The Means Test is complex and requires several steps and specific information tailored to each person, but the  basic test requires that the debtor show that his or her necessary monthly expenses exceed or are equal to his or her monthly income.  The Means Test prevents individuals who are able to pay off their debts, from discharging them.  


Non-Dischargeable Debts

There are certain debts that are not dischargeable.  They are the following

  1. Back child support, alimony obligations, or any other debt dedicated to family support.

  2. Debts for personal injury or death caused by driving while intoxicated.

  3. Student loans, unless it would be an undue hardship for you to repay.

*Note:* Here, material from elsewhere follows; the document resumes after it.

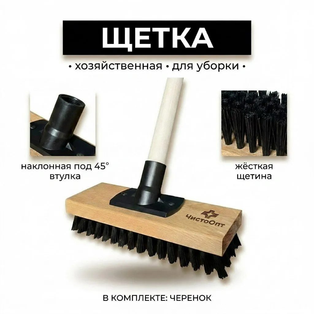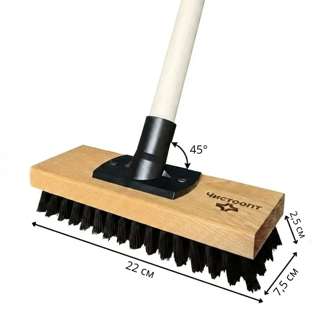 Комплект: Щетка палубная "ЧистоОпт", деревянная колодка 215х80 мм, угловой держатель 45* + Черенок

  4. Fines and penalties for violating the law, including traffic tickets and criminal restitution.

  5. Recent income tax debts (within 3 years) and all other tax debts.

  6. Debts you fail to list in your bankruptcy case, unless the creditor learns of your case and becomes involved in your case.

Additionally, there may be additional debts that are non-dischargeable in Chapter 7 if the creditor challenges them:

  1. Debts you incurred on the basis of fraud.

  2. Credit purchases of $1,150 or more for luxury goods or services made within 60 days of filing.

  3. Loans or cash advances of $1,150 or more taken within 60 days of filing.

  4. Debts from willful or malicious injury to another person or another person’s property.

  5. Debts from embezzlement, larceny or breach of trust.

  6. Debts you owe under a divorce decree or settlement unless after bankruptcy you would still not be able to afford to pay them or the benefit you’d receive by the discharge outweighs any detriment to your ex-spouse (who would have to pay them if you discharge them in bankruptcy).

Avoiding Foreclosure

If your home is in foreclosure or close to foreclosure proceedings, you will need to file Chapter 13 bankruptcy in order to keep your home.  Filing Chapter 7 bankruptcy will only temporarily delay the foreclosure proceeding.  You must meet the terms of the Chapter 13 plan, but this does allow you to keep your home.